I just went back and read this post. It made me sad, yet also a little encouraged that the best in the world can relate a little to my similar struggle. Although I have never had the success you’be experienced even on the local level, nor am I anywhere near the trainer or handler you are. My almost 8 year old border collie and I have been through so many setbacks both in and out of the ring. Although I love all of my dogs for their unique personalities and gifts, Andi, my bc, is truly my best friend which made me more determined than ever to find a way to “train through” every issue. Every time it felt like we were turning a corner and winning the battle, something new would come up -- sometimes they were physical issues, other times training issues, but for a while now it hasn’t been fun anymore but I was heartbroken and did not want to “give up” on her. I thought about quitting agility totally because if I couldn’t compete with Andi, I didn’t want to do it at all! Sounds a little dramatic, but I guess I sort of am. Anyway, I finally realized that it was only hurting our relationship to keep pushing through something that made us both so frustrated. So, for the first time in over 7 years I got a puppy. That’s Izzy and that’s how we ended up in your class bc I REALLY want to get it right this time! Meanwhile, Andi and I have been freed up to new adventures and finding new things we love! She has become my dock diving, Flyball, disc, coursing dog and still my best friend! We couldn’t be happier, I even think she likes have a “kid sister” to boss around! Thanks for sharing this!!! Congrats again on your awesome EO!!!
Yeah, I don’t give up easily… Afterall, I started agility with a Samoyed! 🙂 But it was different there -- he presented me with challenges I needed to work through. It took years and lots of patience, but I could see the trend, the progress, the options. With Bi, I feel there is just a wall. That there is no training that could break this triggered response… I’m sure she would love dock diving or flyball though, too bad we don’t have those options! She loves frisbees though, but I can’t throw, so it’s safer we stay away from it 🙂
Here is a link to the competitors are the recent World Trial. No one got in from Slovenia, but their is a group of 9 dogs from Switzerland. Perhaps you could get together with one of them to show Bi what it is OK to herd. https://www.worldsheepdogtrials.org/competing-nations/
Bi ignores sheep completely, she only looks at me. She would need LOTS of time to notice sheep I think and Switzerland is a bit too far to go there regularly just to get her notice sheep!

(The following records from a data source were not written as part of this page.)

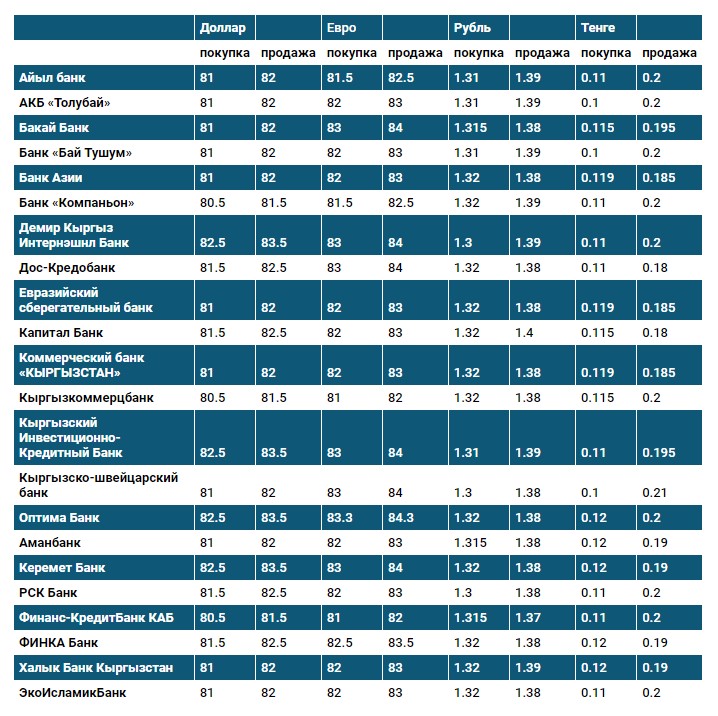 Курс доллара в коммерческих банках Кыргызстана на 25 августа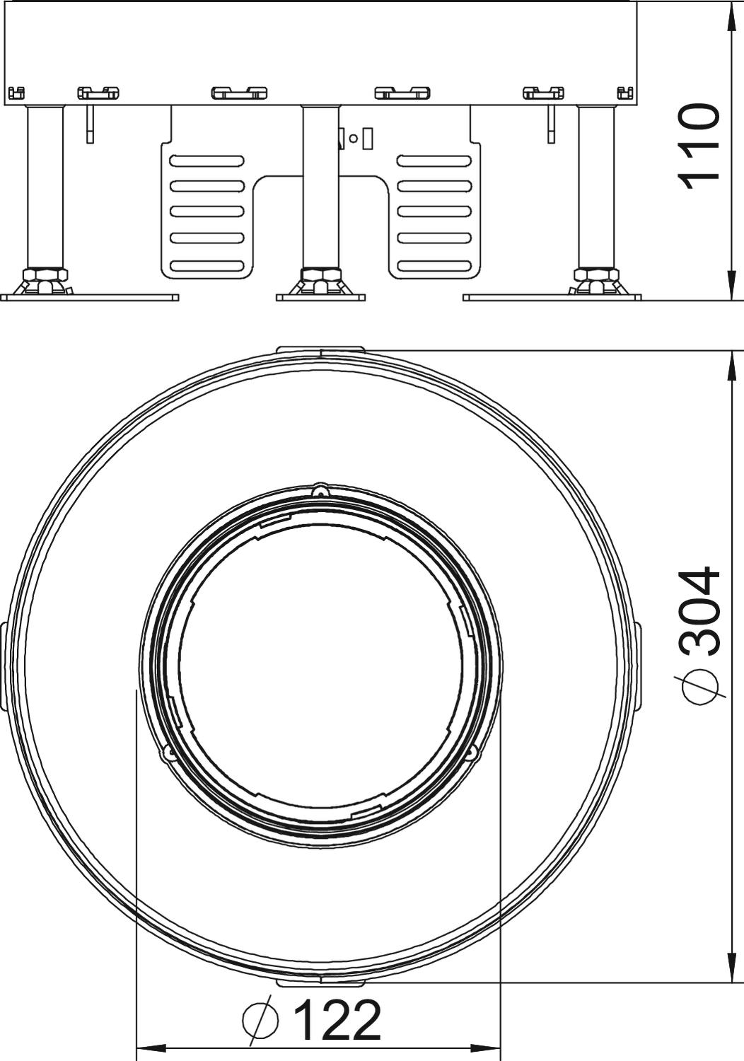 Height-adjustable round cassette, 3-compartment, of nominal size 9, for tube bodies. For the installation in trunking systems and in raised and cavity floors in dry- or wet-cleanded floors in indoor areas. Load class 2 to 20 kN. Three cover plates APMT5 can be installed.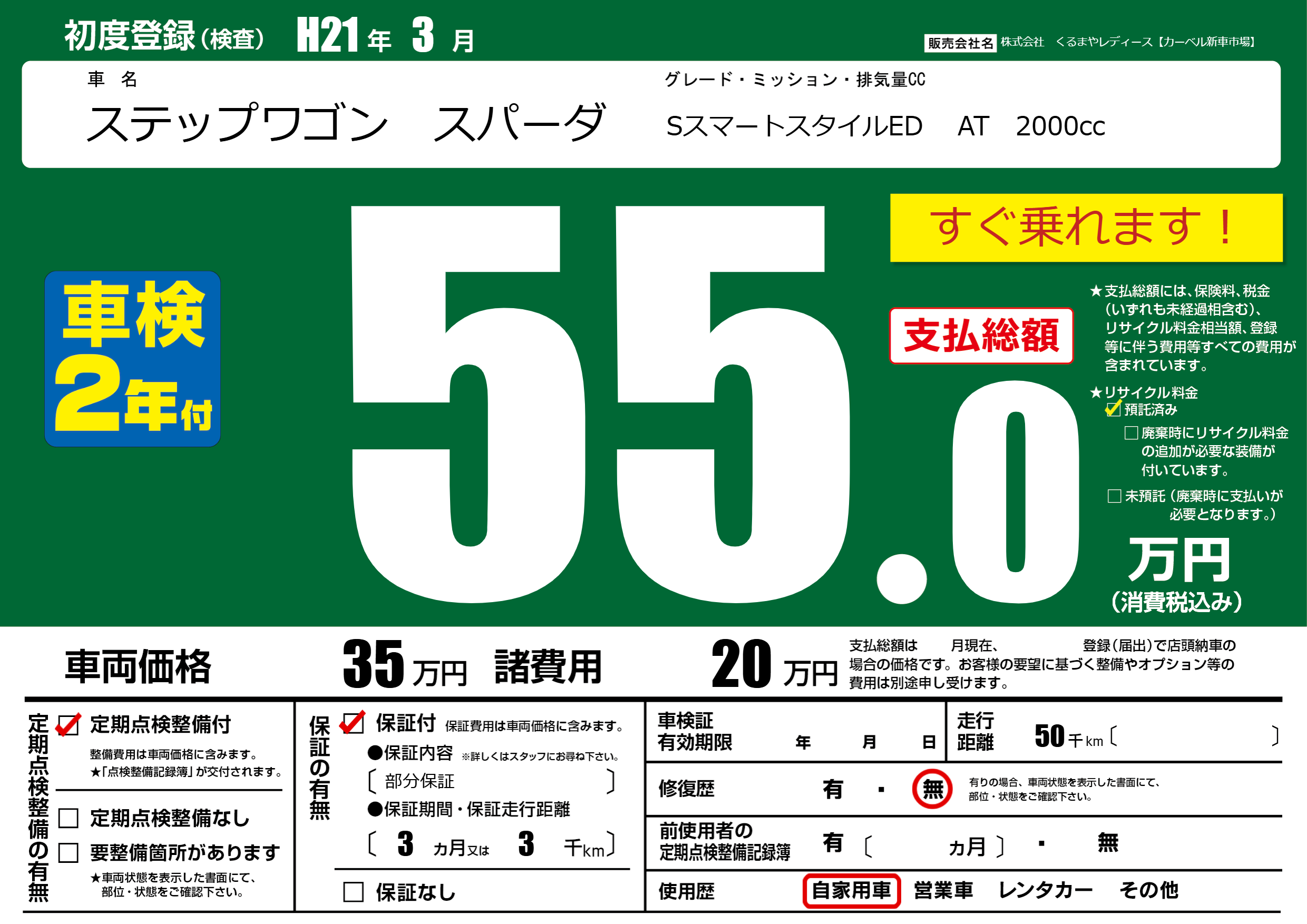 | 走行キロ | 5万km | 初年度登録 | H21年3月 |

Wow. I very much understand this issue. I have recently decided to (most likely- just on “a break” for now) retire one of my dogs for this issue. I have video of him doing the same thing you posted in the video several times- sometimes not causing faults, and sometimes happening up to 4 times on course and causing eliminations from too many refusals. My first BC had this issue, but we were able to work through it by the time he turned 5, but then he had a seizure at a competition, so he retired at age 8, so not sure if the behavior would have ever returned. I always wondered if it was something I was doing wrong, but my other BCs never had this issue aside from these two. My first one got better over time, and the other just got worse over time. It’s a tough one for sure, and so instinctive so some dogs. Really hard to “train out of them…”
Yes, I had a bit of that with Bu as well, but it was possible to avoid it with some training and handling tricks. Not so with Bi… And I never had anything like this with To -- super grateful for that!!! 🙂 Bi rarely did it 4 times on a course, but she would sometimes go under jumps or DW on her circling way and got eliminated for that 🙂 -- But even when we got no faults for it, it was simply no fun for me.